今回の相互関税も関税比率の決定が極めてずさんであったことを露呈しています。対アメリカ貿易黒字額÷当該国の貿易額÷2であります。そして全世界に10%のベース課税をします。この10%は貿易当事国が対米で赤字でも黒字でも関係ありません。人が住んでいようがどんな小島だろうが、自動的に加算され、さらに重要国(=放置できない国)に上乗せ関税を計算したものであり、日本の場合は24%と出たわけです。

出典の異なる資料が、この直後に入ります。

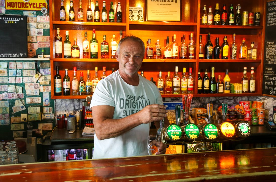 – Her serverer vi heller ikke sånne 0,4 «tullehalvlitere»; her går det i skikkelig halvlitere. Og vi har fått streng beskjed fra stamgjestene om at det er Frydenlund fatøl som gjelder, så det skal vi fortsette med, avslutter han med et smil, før han forlater puben for å forberede seg til neste asfaltprosjekt.
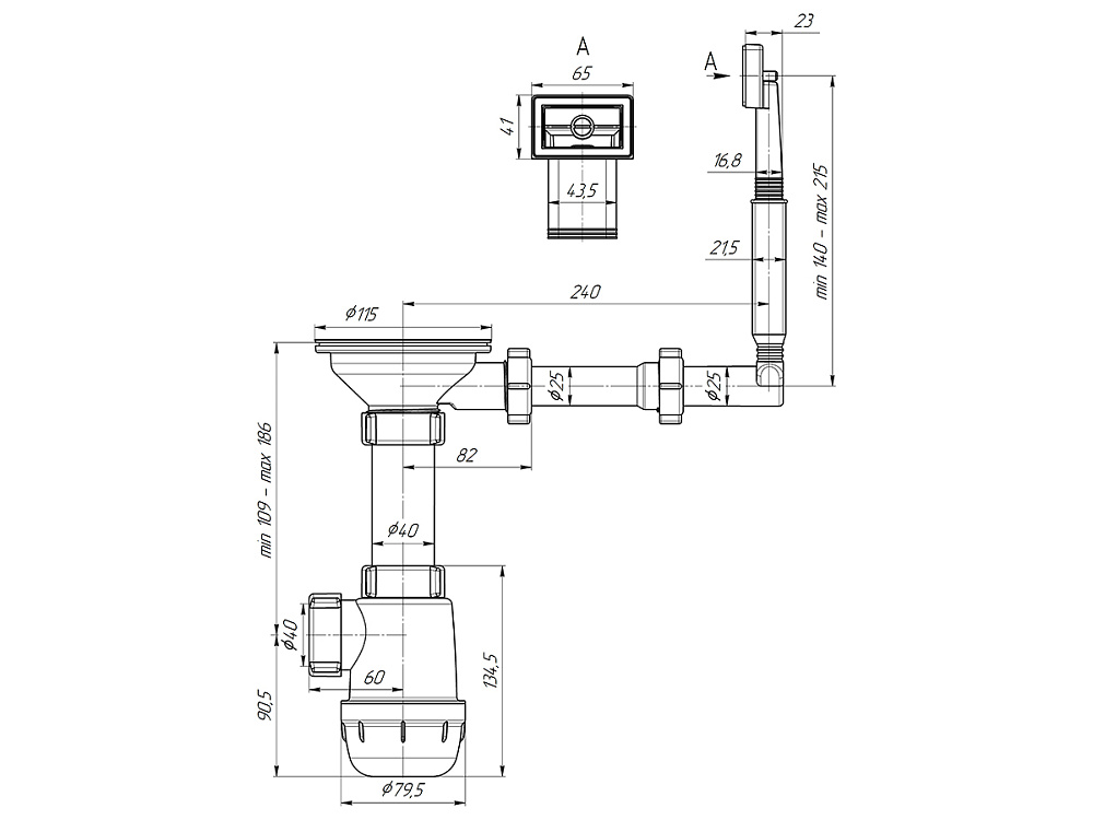 - Стандартные размеры делают сифон универсальным выбором для большинства кухонных моек.

さて、ここからが問題です。市場は崩壊するような下落を演じています。相互関税発表で「あく抜け」期待を裏切ったのはそのインパクトが大きすぎたからでしょう。市場の動きを見る限り目先反発期待はなさそうで、特に日本は弱り目に祟り目状態で「終わりの始まり」になるようにも見えます。アメリカの株式が高値から20%下落となれば弱気相場入りで通常は回復するのに年単位となります。日経平均も以前、チャート的に3万円程度までの下落はあると私は申し上げましたが、視野に入ってくるかもしれません。
日本の株価を下押すもう一つの理由は為替で、想定通り円高に向かってきています。円高というより、ドル指数が猛然と下げており、世界通貨に対して「ドルの一弱状態」になっています。この状態が長く続けばドルの信認問題にもつながってくるため、巷で言われる国際貿易秩序の問題どころかドル基軸を揺るがす公算すら出てきてしまいます。

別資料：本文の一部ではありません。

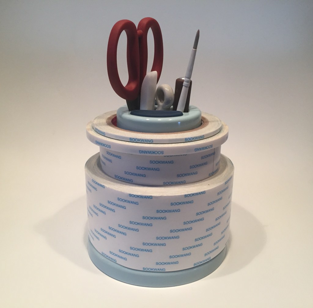This is a fairly simple idea brought to glorious life by Diana Crick and the folks at Scor-Pal. This will hold any roll of Scor-Tape as well as any other roll of double-sided tape with a 3″ (75mm) core – that means this would hold most larger rolls of foam tape as well! It also sports six little rubberized feet on the bottom so it won’t slide around on your desk!

多少知識がある方から見ればトランプ氏の政策はブレーキが壊れた蒸気機関車のような爆走状態であり、本人が現実を受け止めることができるのかという点が気になります。もしも氏の精神状態に問題がなければこれから各国と交渉をし、10%を下回らない範囲で関税率引き下げとなるでしょう。しかし、その作業は膨大で、事務工数的に時間を要すると思います。一方、ブチ切れたままならばお手上げでしばし続くことになります。

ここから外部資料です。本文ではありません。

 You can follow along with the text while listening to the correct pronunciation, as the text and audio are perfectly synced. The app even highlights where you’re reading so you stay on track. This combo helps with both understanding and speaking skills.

6月にカナダでサミットがあります。私はトランプ氏は来ない気がしています。自分でカナダは51番目の州だと繰り返し述べたことで「カナダに行けばおれば暗殺されるかもしれない。そんなところにのこのこ行くわけにはいかない」と。それは表向きの理由でトランプ氏はG7で6人の敵、そのうち4人は特に難癖をつけるであろうその相手に「俺は一対一の交渉しかしない」という中で逃げたいというのが本音だと思います。